I typically have more room in my diet
But i fucked up and got fat
So ik at approximately 2500 kcals, which is a 1k deficit for me

I have LOTS of rook during maintenance at 3509 calories.
During shich times ill just add around 1000calories of awesome food


----------



## CJ (May 13, 2022)

Also, the diet stuff needs to be consistent.

Meal prep is great, and cooking in bulk makes it easy to do, as mentioned previously.

It really does become second nature after time, and helps tremendously.

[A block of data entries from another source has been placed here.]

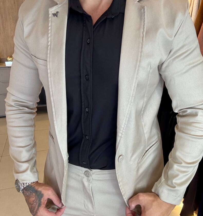 Blazer Aceti. C/Forro Elast. Per Pochi – Areia combina sofisticação e versatilidade, o tecido acetinado dá um toque moderno e elegante, tem um caimento estruturado ideal para um look refinado mas com uma sensação menos formal que blazers tradicionais. É uma peça versátil que pode ser usada desde eventos sociais até ambientes de trabalho. Pode ser combinado com calças em alfaiataria ou até jeans para um look mais casual.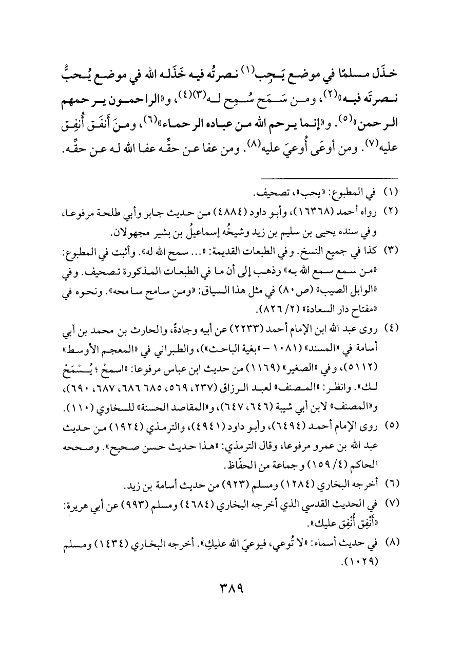 خذَل مسلمًا في موضع يَجِب (¬١) نصرتُه فيه خَذَله الله في موضع يُحبُّ نصرتَه فيه" (¬٢)، ومن سَمَح سُمِح له (¬٣) (¬٤)، و"الراحمون يرحمهم الرحمن" (¬٥).
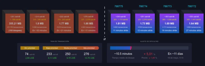 A principios de mayo, las tarifas de transacción de Bitcoin superan las de Ethereum debido a BRC-20. Fuente: Mempool.space/BeInCrypto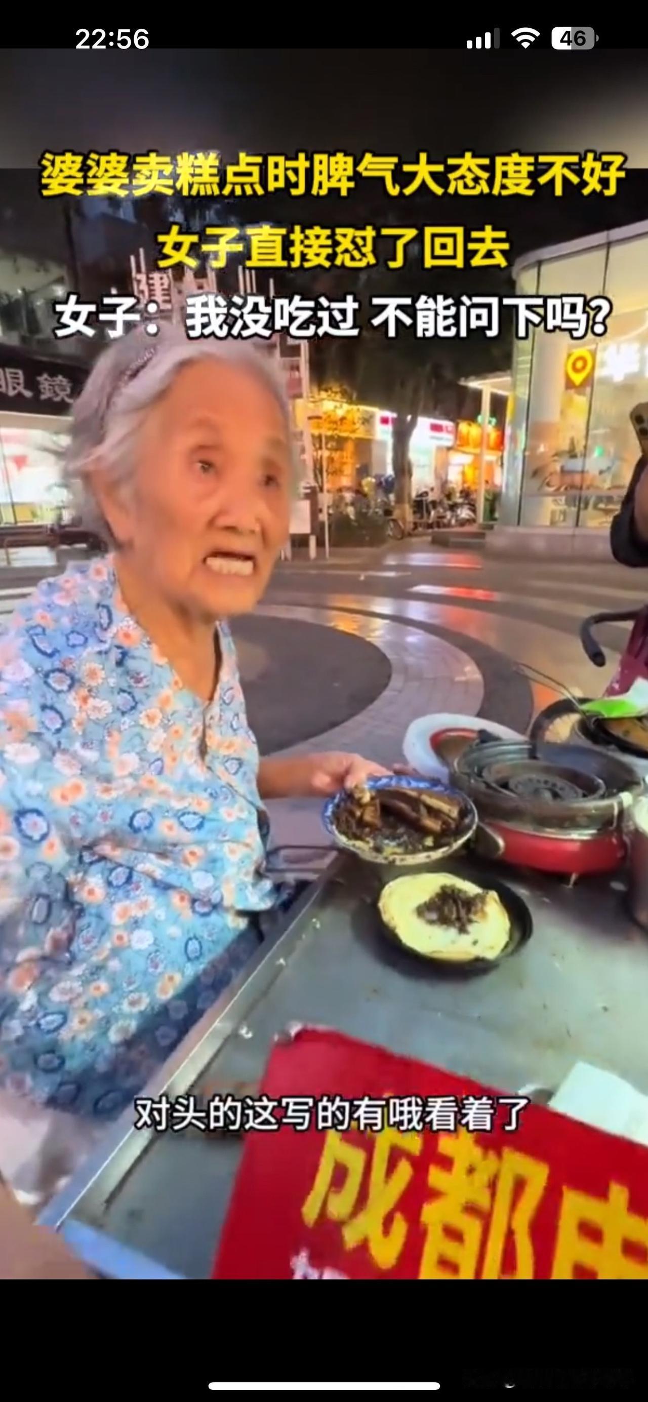 成都卖蛋糕老奶奶用内裤当抹布终于塌方了,网友看到后好声相劝这样不卫生,就这一句话把老奶奶气的差一点卡倒,奶奶凶巴巴说老子是大网红,大名人,你们爱买不买, 一个小蛋糕也就四元钱卖到十七八元,一人提议太贵了,他说买不起就别吃,就这种品行还嚣张的不行,看你年龄大了,不和你一般见识,她却得瑟的不要不要的,凶巴巴的样子看了吓人 这么泼的九十岁老太婆,找不出一点善良的地方,如果城管去管他,他真的会当街耍泼打滚的,她会碰瓷倒地的,她把成都无德老人表现的淋漓尽致 媒体力量真的大气,这次奶奶彻底翻车,怪不得本地的人看着她都绕他走,有些外地主播为了流量千里迢迢的来这里来吃他的小蛋糕!不知道图什么 不是所有的老人都是值得尊敬的,很多只是坏人变老了,天天倚老卖老,因为年龄大,照顾他的生意,大家处于同情,后来她感觉大家是应该的,不懂感恩的人都会凉凉的。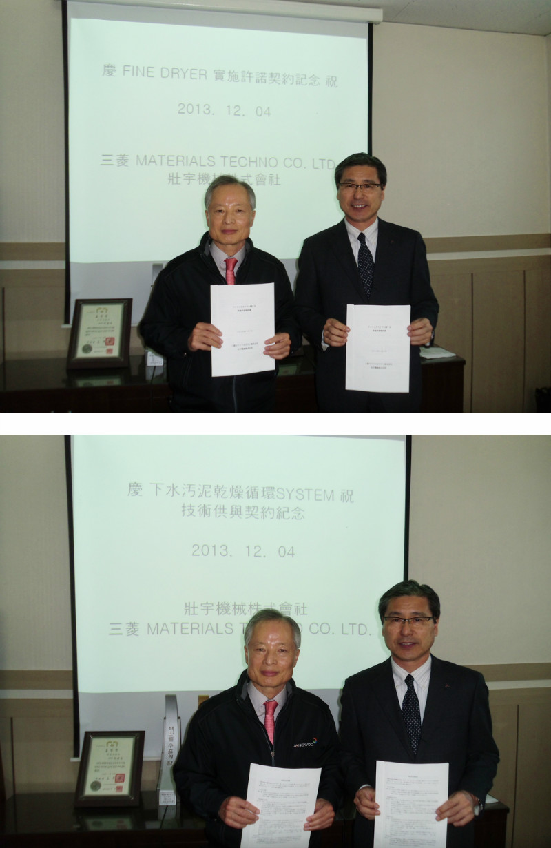 2013년 12월 04일 수요일 미쯔비시 머티리얼 테크노사와 하수오니건조순환시스템 기술공여 협약식 및 파인드라이어 실시허락계약 기념식이 당사 회의실에서 개최되었습니다.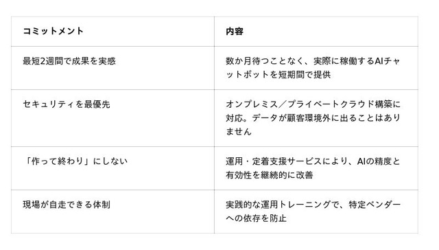 Miichisoftは「導入して終わり」ではなく、「使い続けられる」AI活用を重視しています。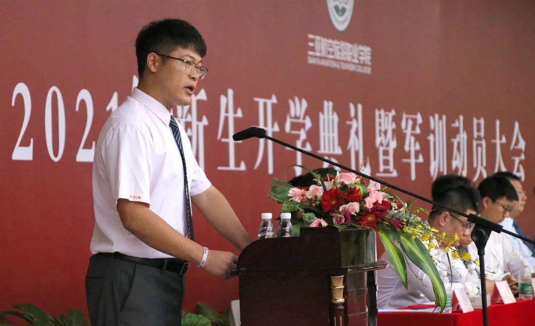 2021级的新生代表范斌同学表达了对进入新学校,开始新生活的憧憬和期待,并号召全体新生把握好心态和方向,坚持最初的理想,挖掘更好的目标,树立更为先进的思想,提高专业技能、切莫虚度大学时光。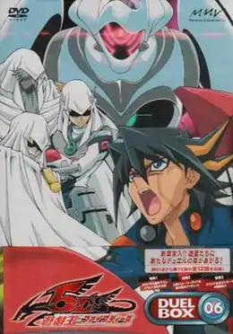 | Jack and Crow arrive at the complex only to find themselves locked out, so they sneak in via a ventilation shaft. As Yusei continues to struggle against the Guard Robot, Primo completes their program's installation into the Ghosts, although one of the other emperors of Yliaster, Jakob (the leader), is curious and suspicious of his actions. With his objective complete, Primo starts a self-destruct countdown and leaves using his power, giving Yusei just 10 minutes to win his duel and escape. Jack and Crow join up with Bruno who, reluctantly, have to escape ahead of Yusei. As time is about to run out, Yusei manages to use his monster's abilities to block off the Guard Robot's Lock Deck and summon Stardust Dragon to win the duel. As the complex explodes, Lazar uses his tricks to save Yusei and warns him not to delve any further into the matter. | |||||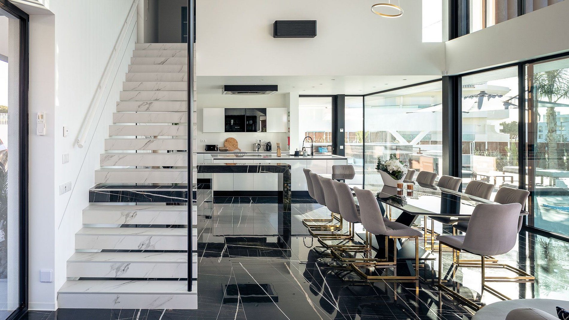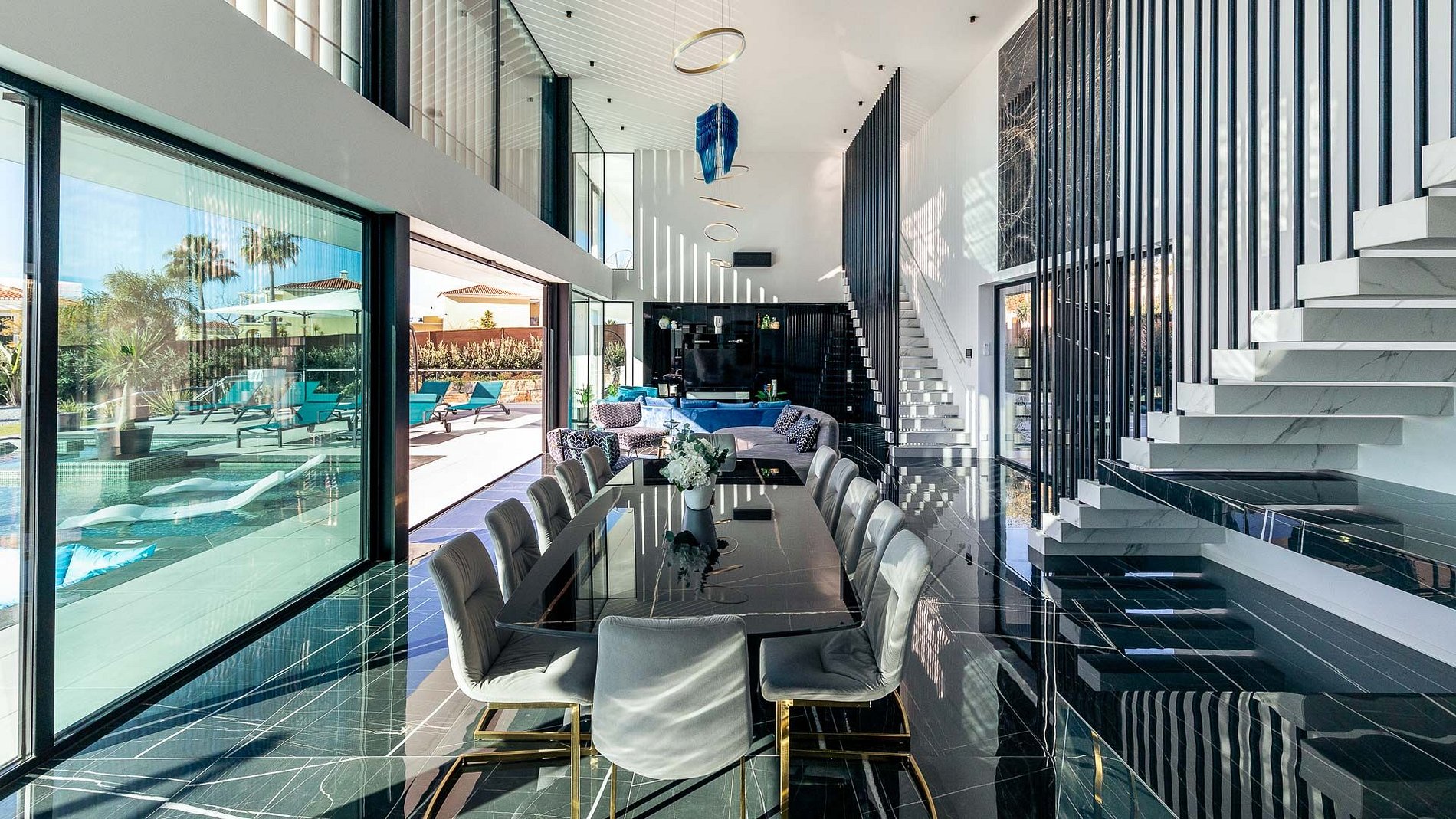 En el interior, el diseño de interiores contemporáneo y la iluminación moderna crean un ambiente cómodo para relajarse o disfrutar de comidas en compañía. Esta moderna villa con vistas al mar en el Algarve es una elección ideal para familias y grupos que buscan comodidad contemporánea cerca de las playas.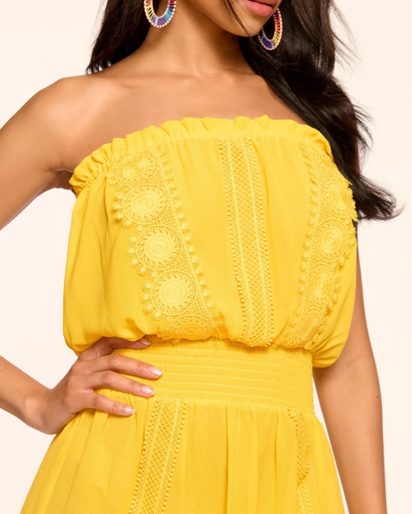 The sun won't be the only thing shining this summer. The Norika showcases a strapless design with a smocked elastic waist and handkerchief hem, perfect for breezy summer outings. Pair it with statement jewelry for elevated styling.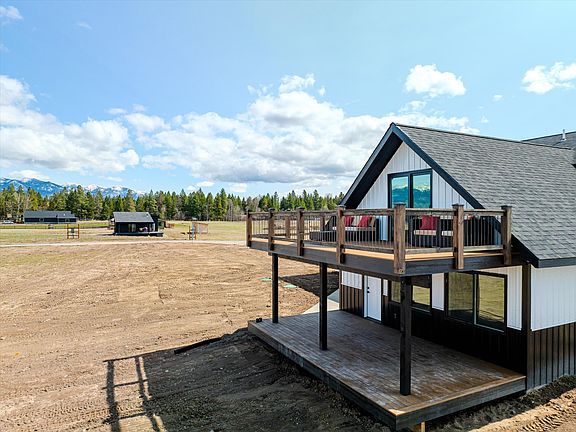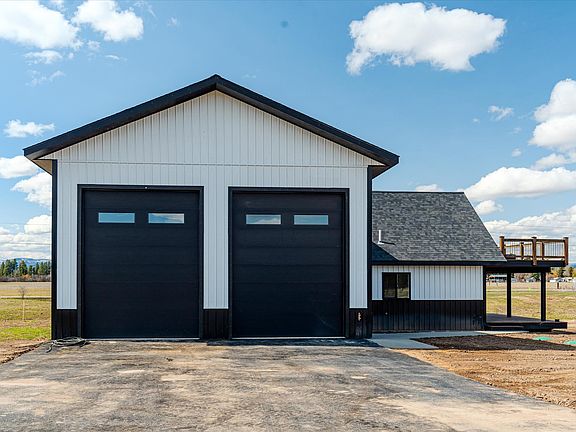 MOTIVATED SELLER! Seller Financing with 50% down. New Custom Barndominium on 2.57 Acres – Nightly/Weekly Rental OK. Welcome to this stunning newly built 3-bed, 2.5-bath barndominium offering breathtaking views of Glacier National Park and the Swan Mountain Range. Light covenants allow two dwellings per lot. Build a second home, rental unit, and/or a shop along Helena Flats Road for your business. The additional 252 sq. ft. of finished garage space can be walled off with a door and is perfect for a game room, theater, or creative workspace. 1,500 sq. ft. of finished, heated garage space with 16’ ceilings and two oversized 11’x14’ doors is ideal for storing recreational vehicles, running a home business, or future expansion. Panoramic mountain views from the private upper deck off the master suite or lower deck off the main living area. Be sure to watch the Video! Melinda Morton @ 406-260-0472 or your Real Estate Professional for more information or to book a showing. This quality built Barndominium has a 30x50 (1500sq.ft.) Shop/Garage and with an attached 1300sq.ft. home, it is perfectly designed for both luxury living and functional use, this property is an ideal investment, business opportunity, or private retreat. Centrally located – 5 minutes to downtown Kalispell, 15 minutes to Whitefish, and 35 minutes to Glacier National Park. Enjoy nearby Flathead River and Flathead Lake access, and two top ski resorts (Whitefish & Blacktail Mountain) within 45 minutes. Spring Landscaping Included: A 3-rail wooden fence on two sides, a cement walkway to front door and professional landscaping to be completed in the spring as weather permits.This is a rare opportunity to own a high-quality, custom barndominium in Montana’s sought-after Flathead Valley—offering luxury, flexibility, and investment potential all in one. Builder is available to enclose the additional space in garage for an additional cost. Modular, manufactured, container homes and kit homes are allowed per covenants. Outdoor hot and cold water spickets are located outside of garage at driveway.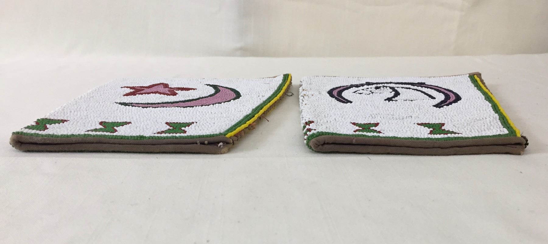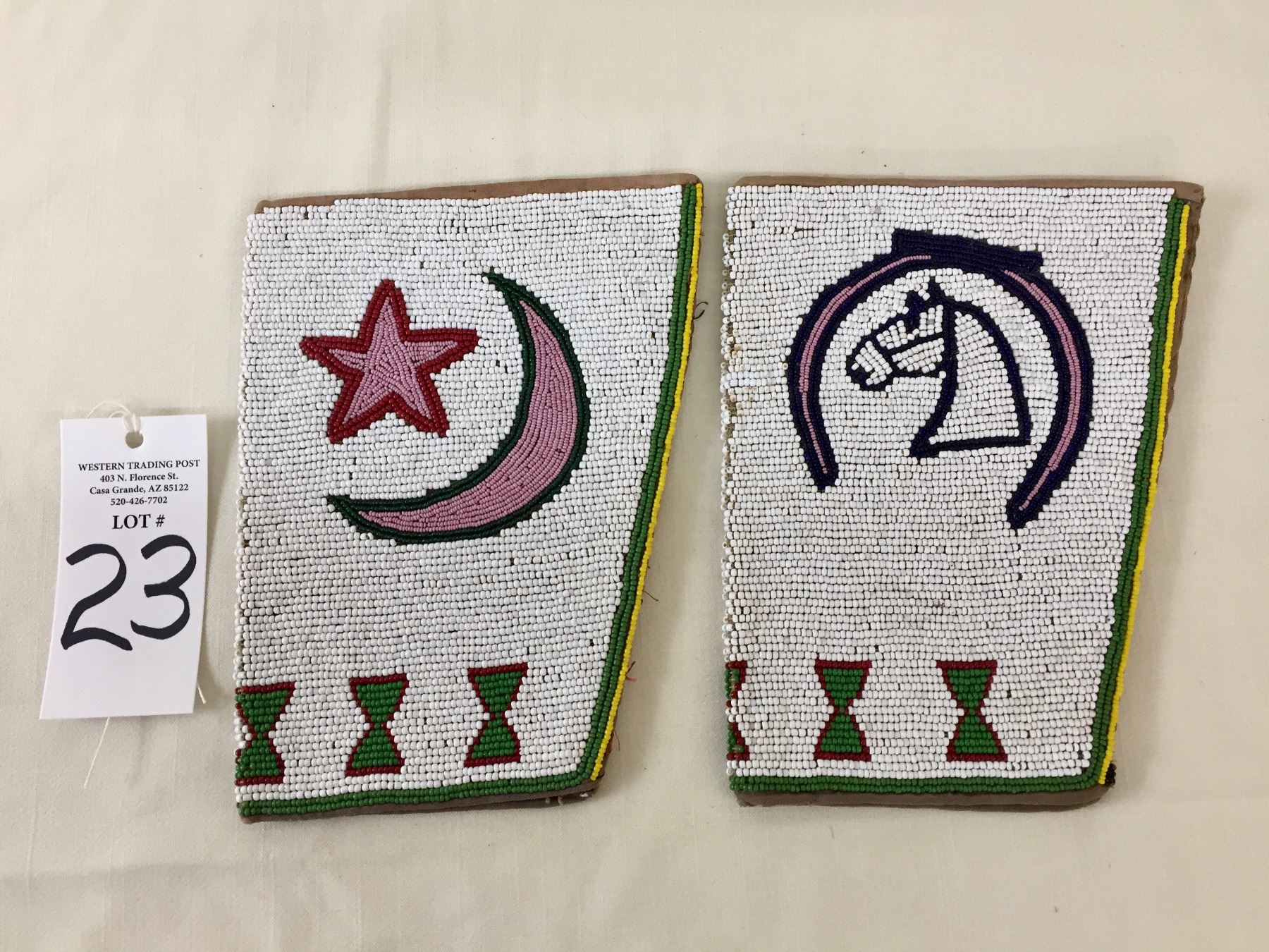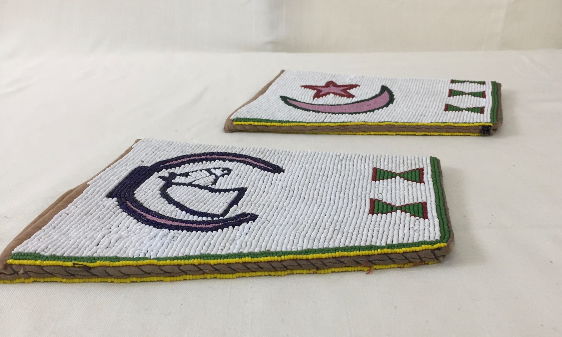 Description: For your pleasure we offer this beautiful set of beaded wrist cuffs featuring intricate beaded designs in the likeness of the moon and a star, and a horse with a horseshoe. Maker: Unknown Plains Native American bead artist. Approx. Age: Vintage.

Best of luck, and if you need anything, we're here to help.


----------



## twitchy88 (May 13, 2022)

Human_Backhoe said:


> He does have a point though.  Newbie gains are real



How long are these newbie gains good for?


presser said:


> that is very important to know.... this will tell you which direction to go.. if you are fat and you see in the mirror i look pudgy or no muscle etc then you know you have to lose fat and gain some muscle but the calories shouldnt be to extreme down. also its very tough to see change in a short amount of time especially if you are not take peds etc. so it take time....not to say you wont see the scale move in weight but the progress you make in the mirror. i would say if you are trying to start doing this journey you are already winning! give it time and if in say 4 weeks nothing moves then reassess..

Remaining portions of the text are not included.